■ **Exercise**: Copy out the data below from the line containing "The frame of" to the line containing "Thankfully, the weather", both lines included, with all images left out.

■ **Data under study**:
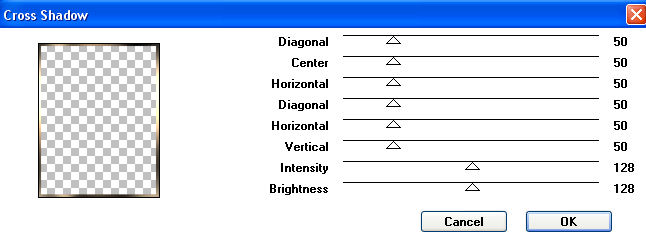 3. Füge Deinem Bild nun einen 5 Pixel breiten symmetrischen Rand hinzu in einer Farbe, die nicht in Deinem Bild vorkommt. Markiere diesen Rand mit dem Zauberstab und und fülle die Auswahl mit Deinem Farbverlauf. Lasse die Auswahl noch bestehen. 4. Wende auf den Rand den Filter Graphics Plus - Cross Shadow mit diesen Einstellungen an:
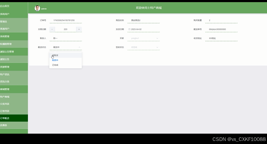管理员可以根据订单的实际配送进度,更新订单状态,例如设置为“待取货”、“配送中”或“已完成”。管理员需要跟踪订单的配送情况,确保商品及时送达顾客。订单配送管理界面如图5-8所示。
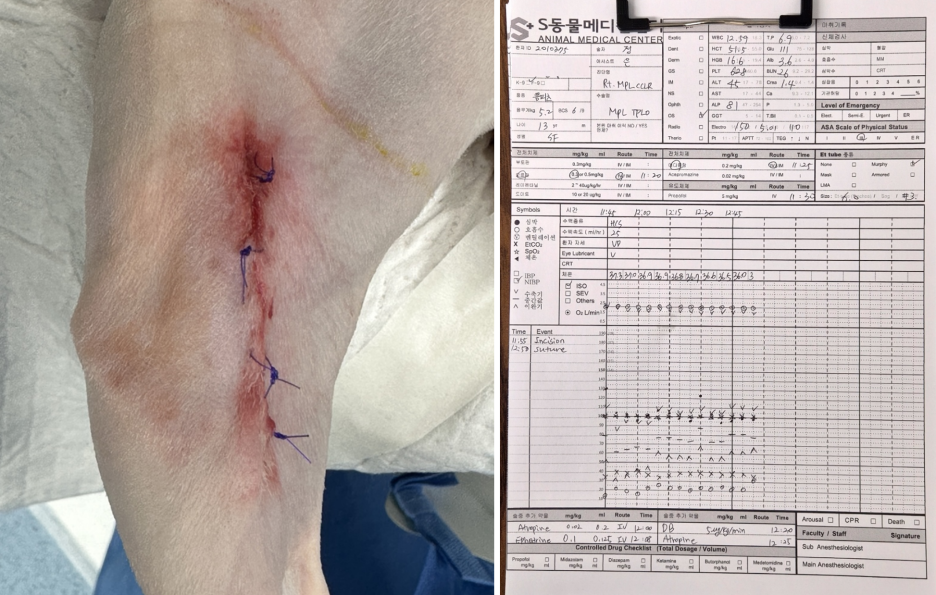 울산 에스동물병원 슬개골 십자인대 수술 후 봉합/최소절개 & 수술 마취기록 / 출처: 에스동물메디컬센터
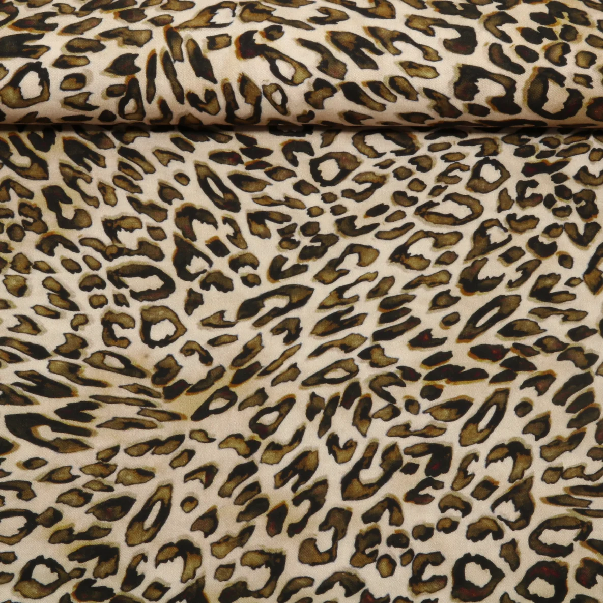 Diese Viskose Webware mit Leo-Muster eignet sich super zum Nähen von leichten Blusen, Röcken und Kleidern, z.B. mit unserer Latzhose "Easy". Viskose ist dank ihrer hohen Feuchtigkeitsaufnahme wunderbar für deine Sommer-Nähprojekte geeignet!
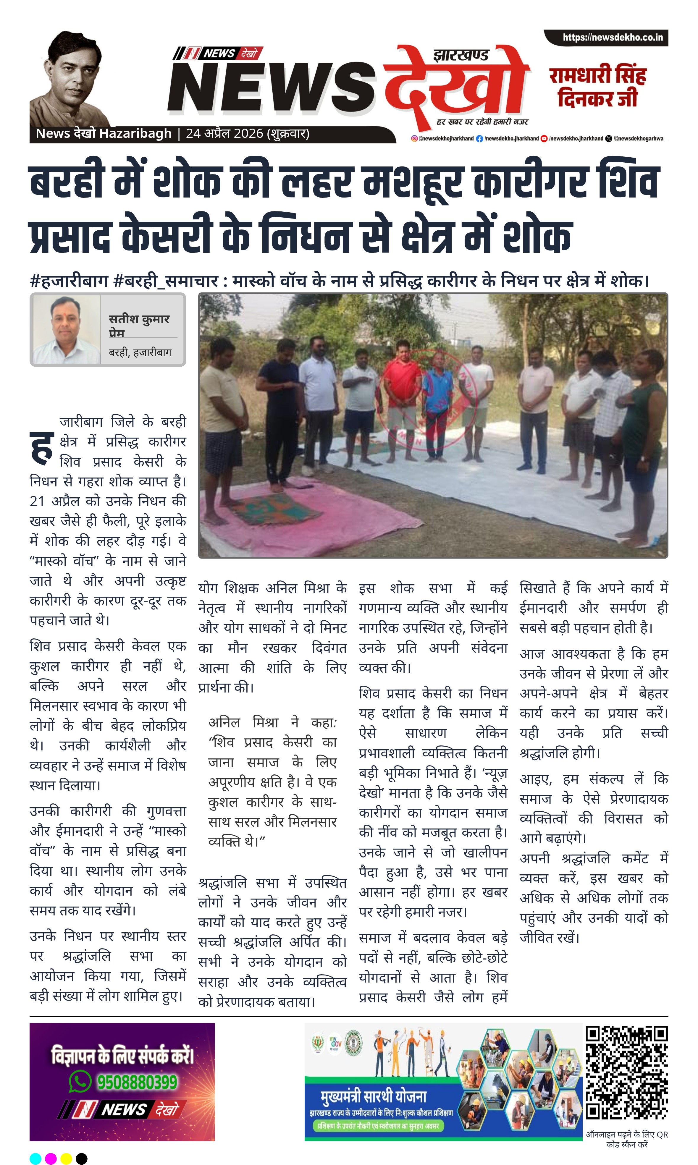 हजारीबाग के बरही क्षेत्र में प्रसिद्ध कारीगर शिव प्रसाद केसरी के निधन से शोक की लहर फैल गई है। 21 अप्रैल को उनके निधन के बाद स्थानीय लोगों और योग साधकों ने श्रद्धांजलि सभा आयोजित की। योग शिक्षक अनिल मिश्रा के नेतृत्व में लोगों ने दो मिनट का मौन रखकर उन्हें श्रद्धांजलि दी। उनका जाना क्षेत्र के लिए अपूरणीय क्षति माना जा रहा है।
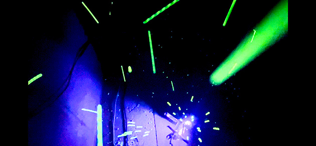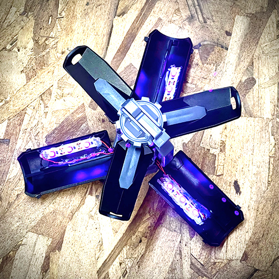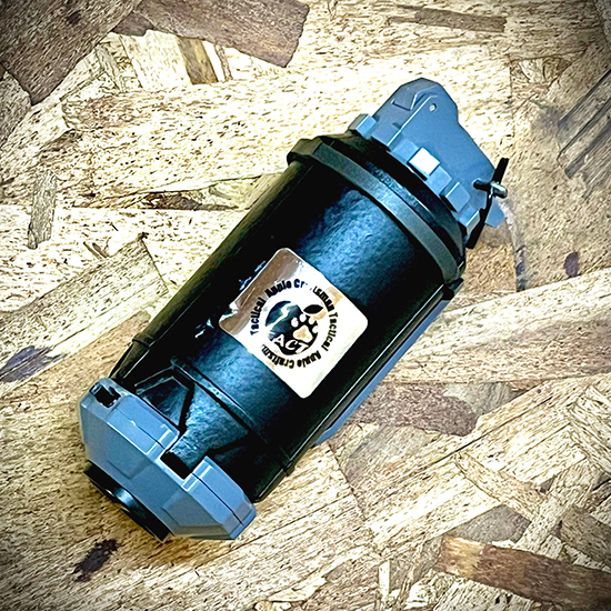スプリンググレネードにUVテープ、小型LiPoを入れて、スイッチを入れるとUVテープが光り蓄光される仕組みです。
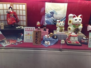 浅草駅に着いて、駅に招き猫が飾ってあったので写真を撮る。
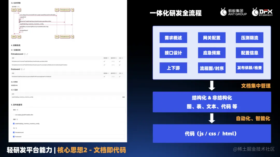 1.文档即代码: 将结构化、非结构化的文档集中管理起来,并通过智能化、自动化等技术生成代码
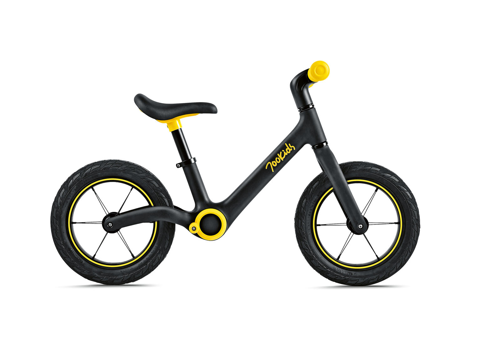 The frame of the 700kids Balance Bike is formed using GAIM technology (Gas-Assisted Injection Molding), resulting in a light-weight bike. Nevertheless, the surface is sturdy and stable. Footrests in the shape of pedals have been added to enable children to rest their feet while sliding. Together with the round shapes of the bicycle frame, the dynamic colour scheme in black with yellow accents creates an attractive appearance.
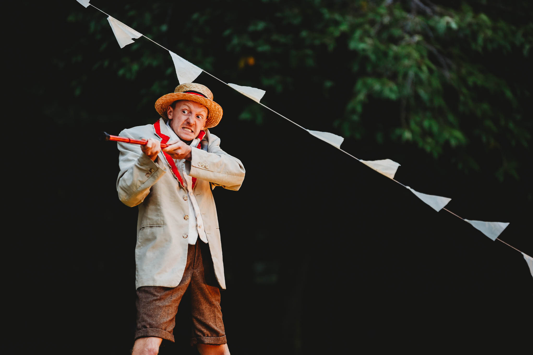 Thankfully, the weather came on side and apart from a pre-interval shower, and some atmospheric gusts of wind whipping up the trees, we were treated to an unforgettable performance of Much Ado About Nothing that had young and old in fits of laughter.
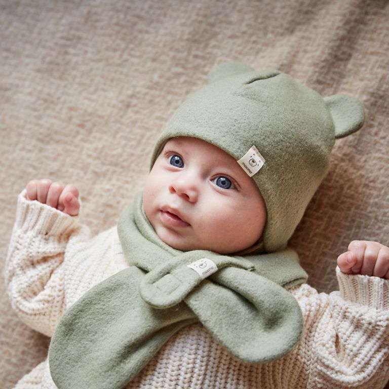 Produktinformationen "Baby-Steckschal aus Baumwollfleece - mineral-hellbraunmeliert"
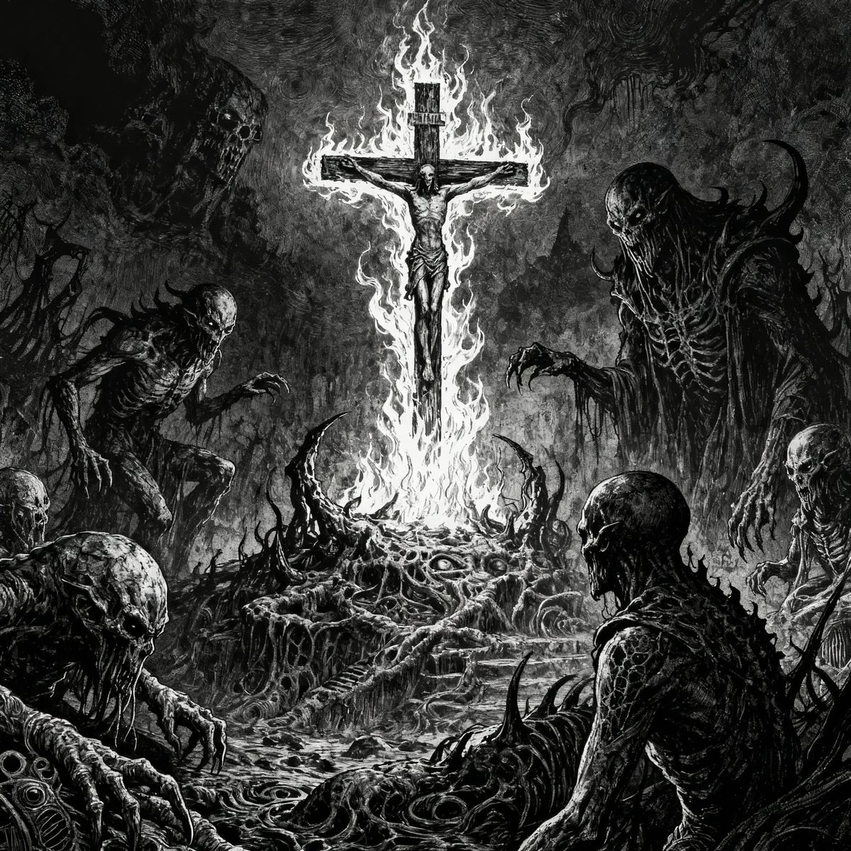 This AI-generated image depicts a dark, ominous scene with hellish creatures and a burning crucifix. It features a black and white palette with intricate, haunting details.
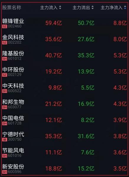 4.北向资金净流入64.26亿元,沪股通和深股通净流入43.72亿元和净流入20.54亿元。前十大成交股中,净买入额居前三的是隆基股份、赣锋锂业、招商银行,分别获北向资金净买入9.34亿元、7.25亿元、4.51亿元。净卖出额居前三的分别是贵州茅台、三一重工、五粮液,净卖出额为8.71亿元、6.00亿元、5.20亿元。
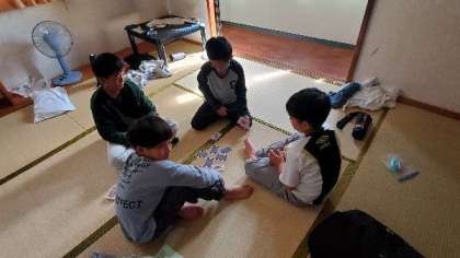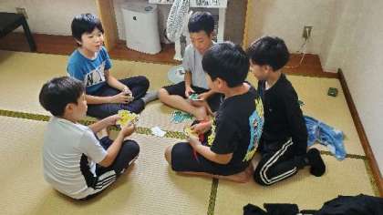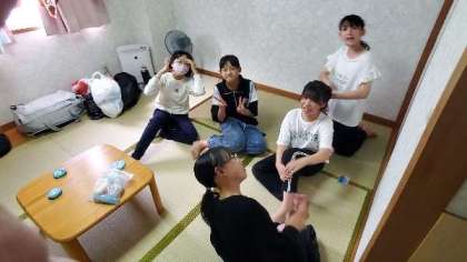 部屋でゆっくりしています。お風呂を順に入ってます。男子の人数が女子の倍なので、今日は早めにゆっくり入ります。
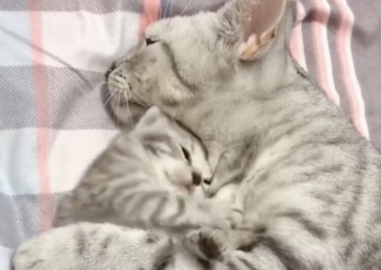 ママにハグされて眠る子猫。ひとりで平気だもん!と可愛い意地を張る。
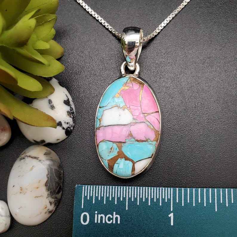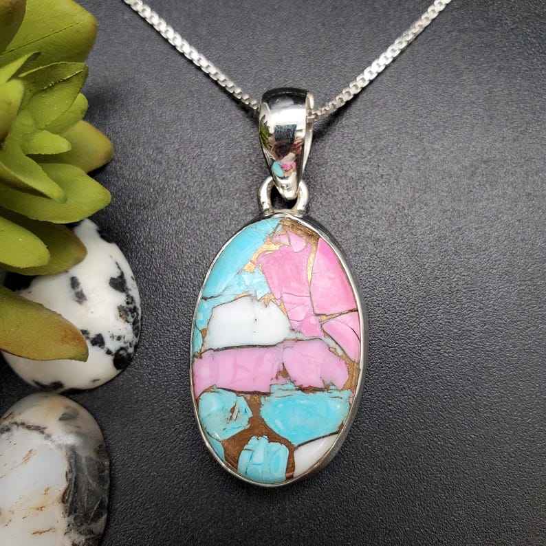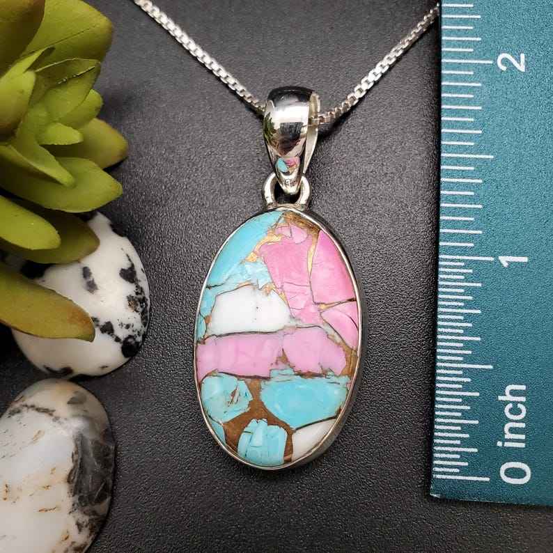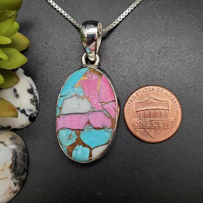 Z-053 | Unique Sterling Silver Pink Cotton Candy Turquoise Pendant Necklace | Pink Cotton Candy Pendant | Mohave Copper

■ **Exercise result**:
 The frame of the 700kids Balance Bike is formed using GAIM technology (Gas-Assisted Injection Molding), resulting in a light-weight bike. Nevertheless, the surface is sturdy and stable. Footrests in the shape of pedals have been added to enable children to rest their feet while sliding. Together with the round shapes of the bicycle frame, the dynamic colour scheme in black with yellow accents creates an attractive appearance.
 Thankfully, the weather came on side and apart from a pre-interval shower, and some atmospheric gusts of wind whipping up the trees, we were treated to an unforgettable performance of Much Ado About Nothing that had young and old in fits of laughter.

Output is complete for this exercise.